The panic of being a single 40 year old woman struck me
Even though I was in a beautiful country like France, and finally, doing what I wanted, something struck me. I realized that my life was still nothing that I had charted it out to be. Where was my jolly good fellow husband? And our two kids? Was that ever going to be a reality in my life? Cut to six months before I turned forty and I was on the verge of a panic attack. I was single, still a struggling writer and unsure where my next paycheck was coming from. I realized I needed to re-evaluate my beliefs and attitudes about being single and get back on track with my vision and goals. In my mid-thirties I had finally given in and agreed to let my mom set me up with a guy. The people I’d met since then had been incompatible, had had no capacity for intelligent or stimulating conversation, only reinforcing my idea of marriage as life imprisonment rather than a bond holding forth the prospect of building something meaningful with someone who could understand me. I was advised to lower my expectations especially while being a single 40-year-old woman.
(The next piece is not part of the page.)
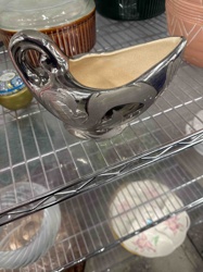 Mid-Century Modern Silver Electroplated Ceramic Swan Planter

Being Single At 40 Suits Me
Being 40 and single is no trigger to induce a panic attack. I’m learning that now. More recently, I’ve come to the realization that I might not be cut out for marriage, but that’s okay. I just have to be honest with myself and admit that I want to share my life with a life companion or a partner but on my own terms. What I have to do is to adjust my perception of what a partnership might look like. Having a life companion isn’t just about being married or, for that matter, having a live-in relationship. It took me a while but I’m now in the process of accepting that I could have a fulfilling relationship living in separate places (not necessarily cities), even while still sharing as much as I can with someone I care deeply about, who provides me with the emotional support I need, the affection I crave and lets me give the same back. If you were to ask me, “Are you open to dating in your 40s?”, I’d say unabashedly so. What I’m not open to anymore is settling for someone who doesn’t fulfill my idea of a partnership. I’m just happy to wait if I have to.
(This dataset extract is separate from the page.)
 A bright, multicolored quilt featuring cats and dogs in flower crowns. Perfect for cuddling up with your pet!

Single women over 40 need to hear this
This also means acknowledging and fully living the reality that I’m a strong, independent woman who is 40 and single and who consciously chooses to reject the idea of a hetero-patriarchal idea of marriage and partnership; who has to find her own definition of security – financial and otherwise – without reference to any male in her life. It’s not new. Women have come before me and paved the way, just not any women I’ve ever met or known before. I’m searching for these women, convinced that they do exist, and seeking out new ways of being in the world that truly support me, my work, my legacy and my dreams. I’m discovering what it means to create something of my own and I want all the other single women over 40 to join hands with me. What I really mean is that I can be forty and create art instead of children, nurture relationships with family and friends instead of with a husband, and partner in the way I define and negotiate with a man I care about, who loves me back just as I am. Women in their 40s, hear me out. It’s time to change the face of empowerment in the way that we want it to!